起き上がるとそこは見覚えのない綺麗な和室だった。

誰かが見つけて運んでくれたのだろうか。

そんなことを考えていると そっ、と襖が開いた。

するとそこに見えたのは私より年下っぽい男の子。

……でもそこの子には耳と尻尾が生えていて。

驚かない筈が無いでしょ、、。

私が言葉も出ずにいると

クス、と笑いをこぼし、その子は口を開いた。

「そんなに見詰めないで下さい」

冗談っぽく笑った後に

「具合の方は大丈夫ですか?」

と続けた。

あまりにも人間らしい素振りに

また少し驚くけれど

「大丈夫」

と答えて相手を見た。

「そうですか。
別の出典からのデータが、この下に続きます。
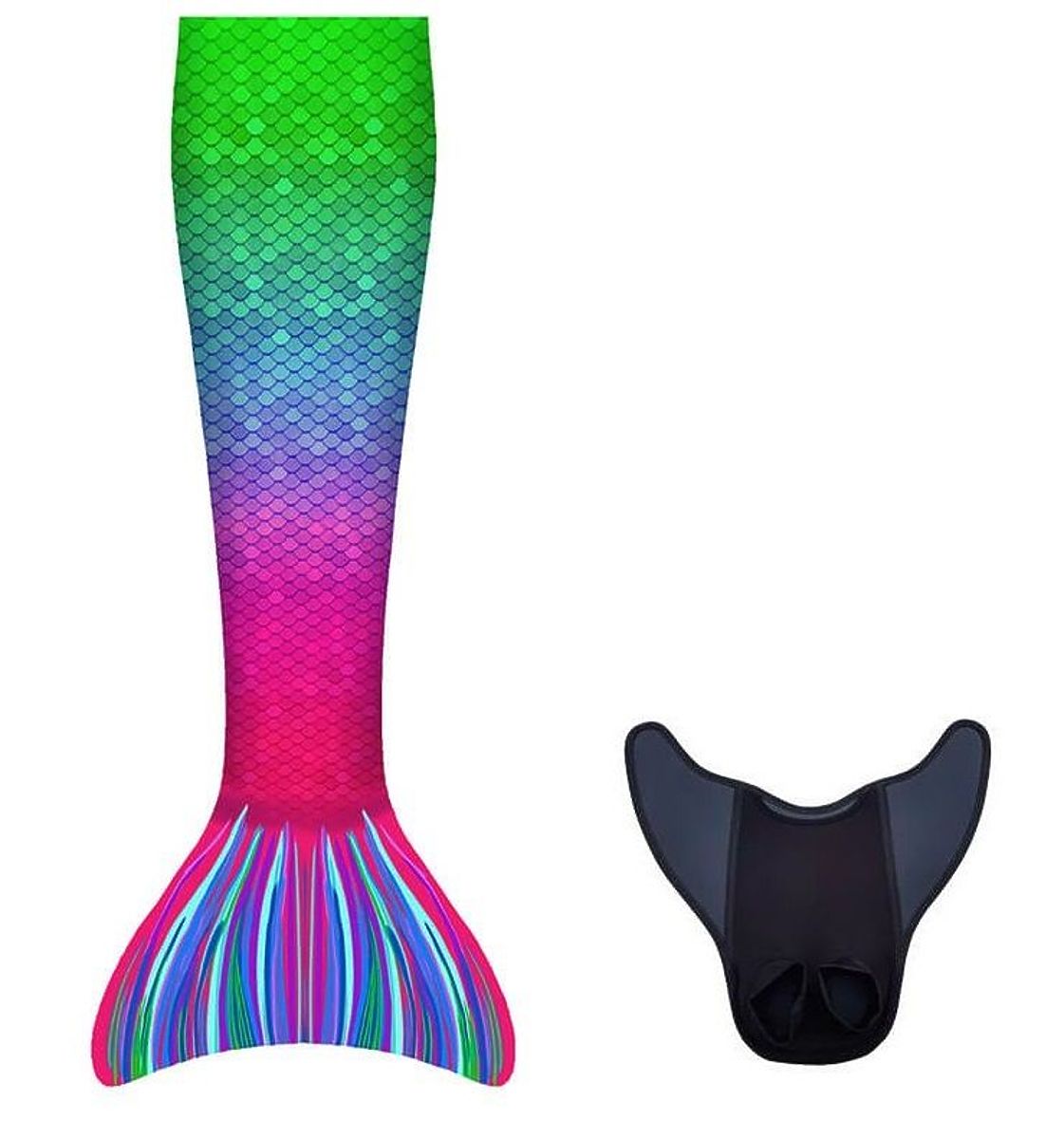 Mermaid tails are available in many colors (also for boys) and in a version with or without a bikini top. The two-piece set includes:

なら俺についてきて下さい。
“朔様がお呼びです”」

“さくさま”そう呼ばれた人はここの偉い人なのかな。

そう考えながら立ち上がり

恐る恐る男の子について行った。

1つの部屋の前に来ると男の子が

「朔様、お連れしました」

と声を掛けた。

すると中から「ありがとう、通して」

と穏やかな声が聞こえた。

男の子が襖を開けると、そこには

____私が夢に見るあの人がいたのだった。